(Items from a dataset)
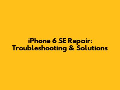 IPhone 6 SE Repair: Troubleshooting & Solutions
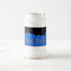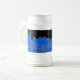 black and blue logo on white stein
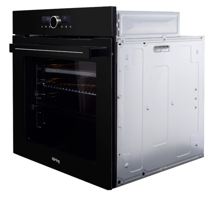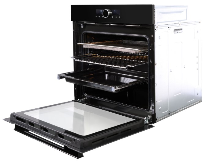 Это независимый электрический прибор, рассчитанный на встраивание в нишу размерами 59—60×56.5×58.5 см. Габариты самого корпуса 59.5×59.5×57.5 см и вес 29 кг упрощают монтаж и транспортировку. Большой объем внутренней камеры — 75 л — позволяет готовить крупные блюда и ставить сразу несколько противней на пяти уровнях, а телескопические направляющие повышают удобство работы с горячими емкостями.
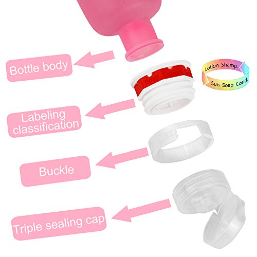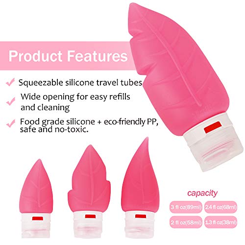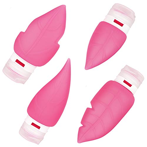 Suntapower Set di bottiglie da viaggio [4PCS], contenitore da viaggio in silicone resistente agli alimenti, set da viaggio comprimibile Contenitori da toilette cosmetici - Rosa
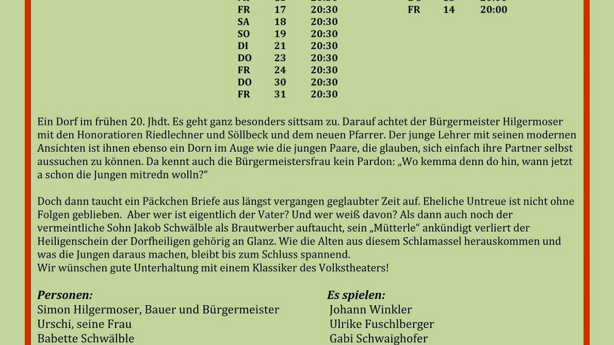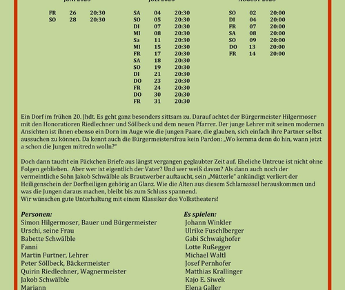 Das Theater Abtenau veranstaltet ein Freilicht-Theater im Heimatmuseum Arlerhof und präsentiert einen Klassiker des Volkstheaters: DIE DREI DORFHEILIGEN, ein Bauernschwank von Max Neal und Max Ferner Bearbeitung und Regie: Veronika Pernthaner-Maeke Ein Dorf im frühen 20. Jhdt. Es geht ganz besonders sittsam zu. Darauf achtet der Bürgermeister Hilgermoser mit den Honoratioren Riedlechner und Söllbeck und dem neuen Pfarrer. Der junge Lehrer mit seinen modernen Ansichten ist ihnen ebenso ein Dorn im Auge wie die jungen Paare, die glauben, sich einfach ihre Partner selbst aussuchen zu können. Da kennt auch die Bürgermeistersfrau kein Pardon: „Wo kemma denn do hin, wann jetzt a schon die Jungen mitredn wolln?“
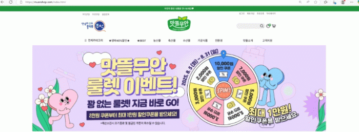 프로모션 기간은 8월 5일부터 31일까지로 ‘꽝 없는 룰렛이벤트’는 ’맛뜰무안몰‘ 회원이라면 누구나 참여할 수 있으며, 룰렛을 돌려 최소 2,000원부터 최대 10,000원까지의 할인쿠폰을 무작위로 제공한다.
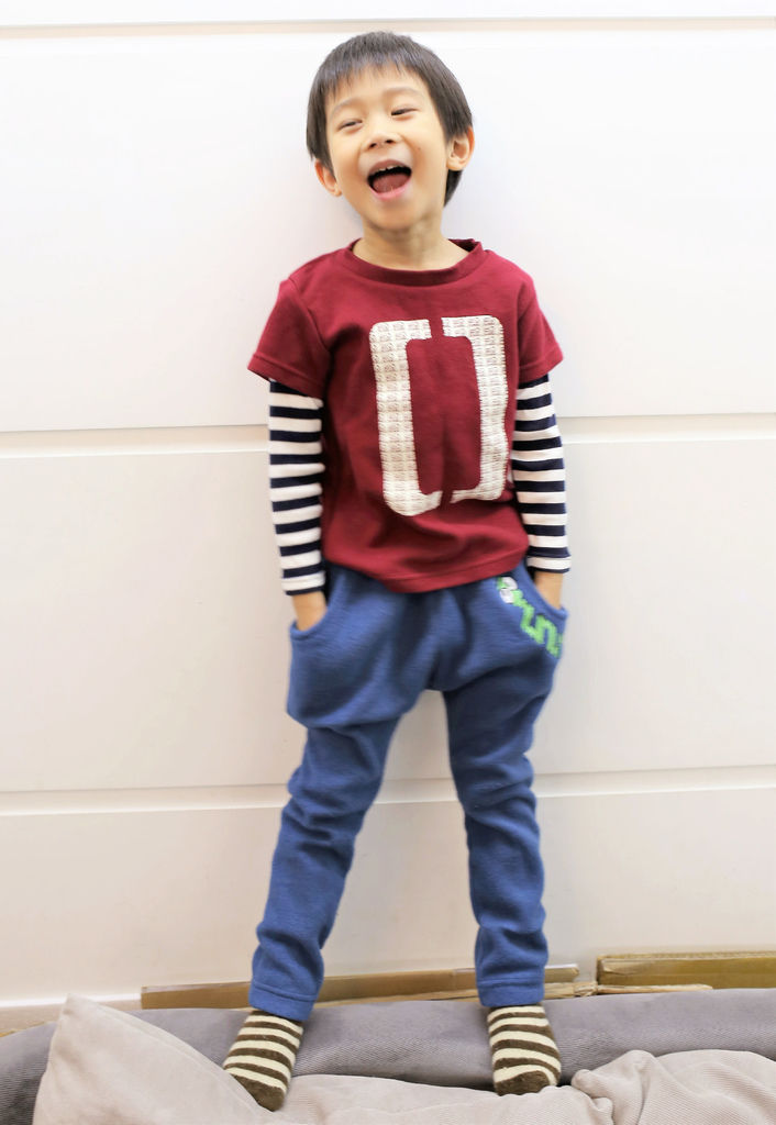 柔軟的哈倫褲瘦瘦的人穿起來有一種低調的休閒風、圓圓的孩子穿起來就有一種活潑的可愛風
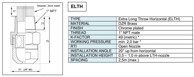 To overcome this challenge GW offers a solution using two specialized nozzles in combination to provide horizontal spray coverage up to 13m from the wall. If fitted on opposite walls, the GW DD-LTH+ELTH combination can protect open spaces up to 26m diameter/ wall-to-wall distance.
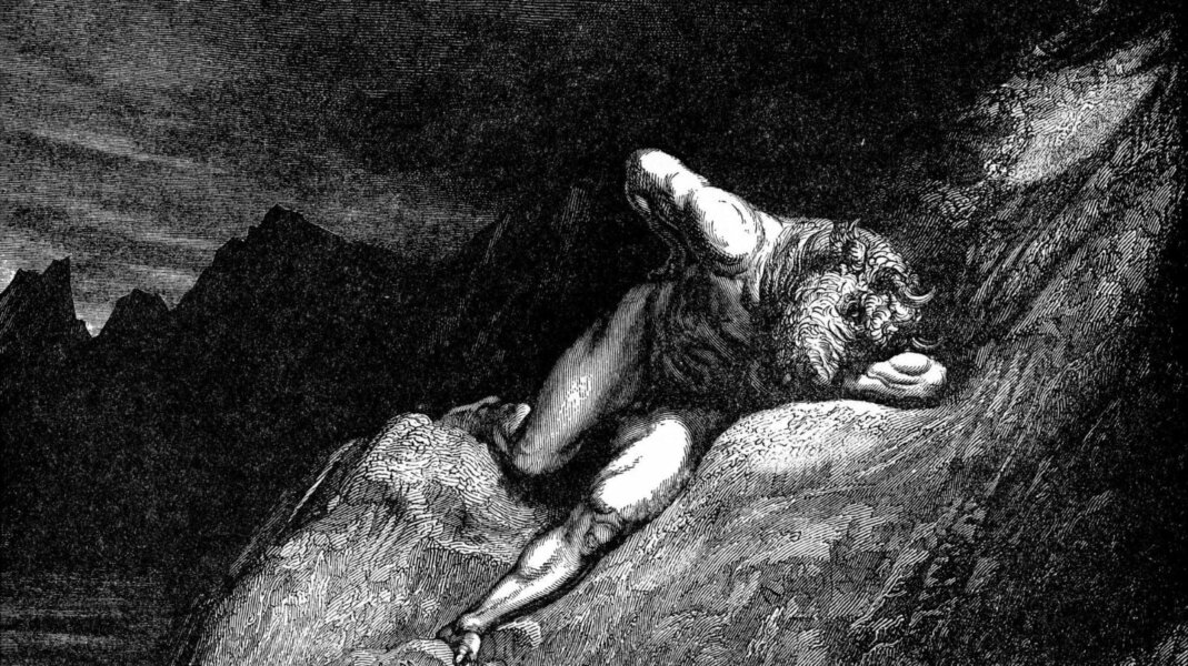 o trompetista toca a marcha fúnebre e o diabo entra na gruta escura, recolhendo o rabo de seta em brasas.
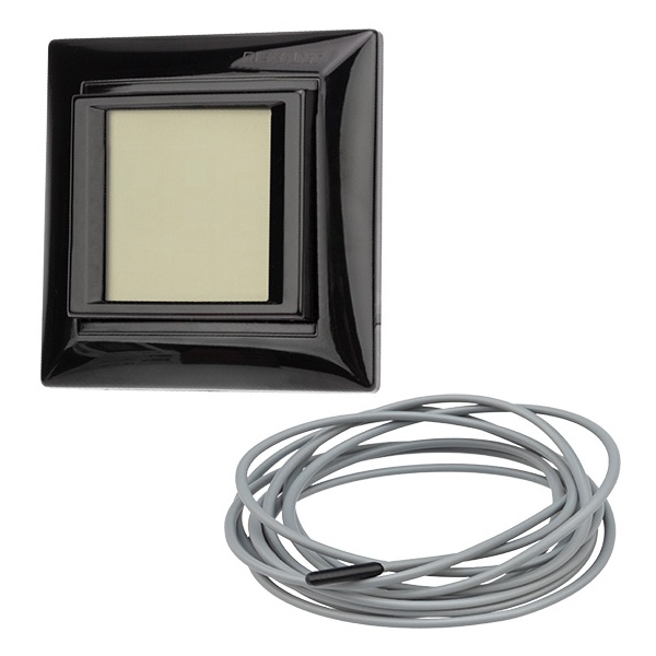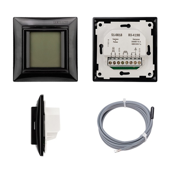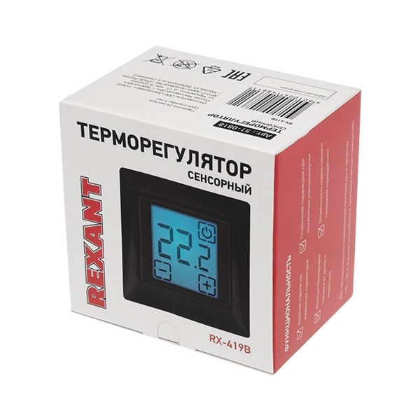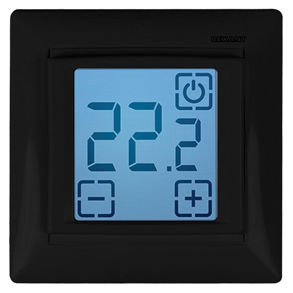 Электронный термостат RX-419BL встраиваемый, сенсорный экран, корпус черный, диапазон регулировок +5...+45 °C, коммутируемый ток контактов 16 A, внешний датчик температуры 10 кОм.

- Exercise -
Nothing but the lines from the one containing "o trompetista toca" through the last line of the data should appear in the answer, copied exactly, with pictures excluded.

- Output for this exercise -
 o trompetista toca a marcha fúnebre e o diabo entra na gruta escura, recolhendo o rabo de seta em brasas.
 Электронный термостат RX-419BL встраиваемый, сенсорный экран, корпус черный, диапазон регулировок +5...+45 °C, коммутируемый ток контактов 16 A, внешний датчик температуры 10 кОм.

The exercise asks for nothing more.